# Record excerpts
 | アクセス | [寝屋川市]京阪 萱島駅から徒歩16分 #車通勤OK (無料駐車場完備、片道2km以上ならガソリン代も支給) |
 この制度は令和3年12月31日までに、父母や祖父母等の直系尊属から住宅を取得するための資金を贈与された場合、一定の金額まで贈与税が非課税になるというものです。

---

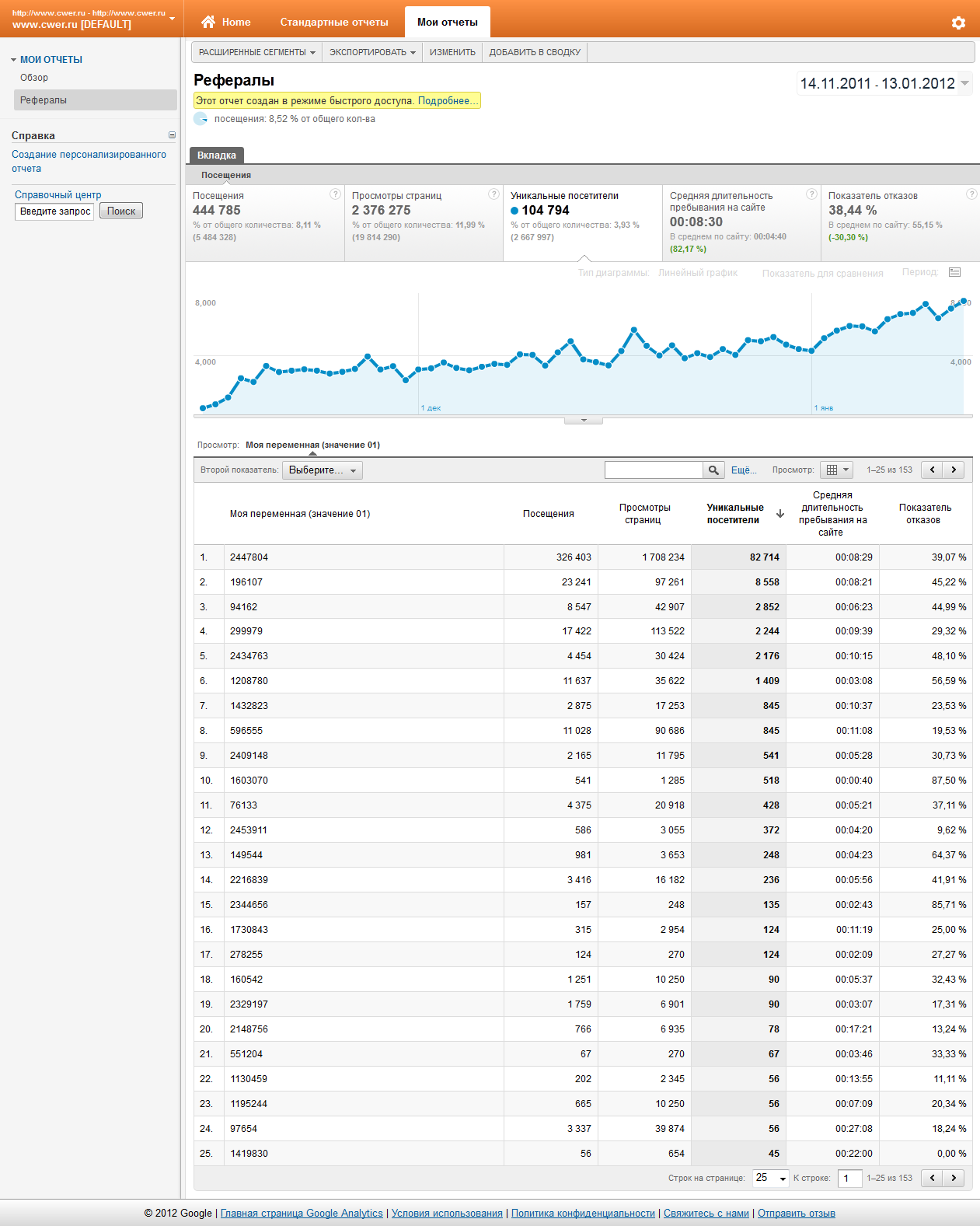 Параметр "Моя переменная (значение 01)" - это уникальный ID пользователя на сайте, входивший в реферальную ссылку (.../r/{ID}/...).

# To do
Repeat exactly the lines above from the one with "#車通勤OK (無料駐車場完備、片道2km以上ならガソリン代も支給) |" up to and including the one with "この制度は令和3年12月31". No other line belongs in the reply.

# Answer space
 | アクセス | [寝屋川市]京阪 萱島駅から徒歩16分 #車通勤OK (無料駐車場完備、片道2km以上ならガソリン代も支給) |
 この制度は令和3年12月31日までに、父母や祖父母等の直系尊属から住宅を取得するための資金を贈与された場合、一定の金額まで贈与税が非課税になるというものです。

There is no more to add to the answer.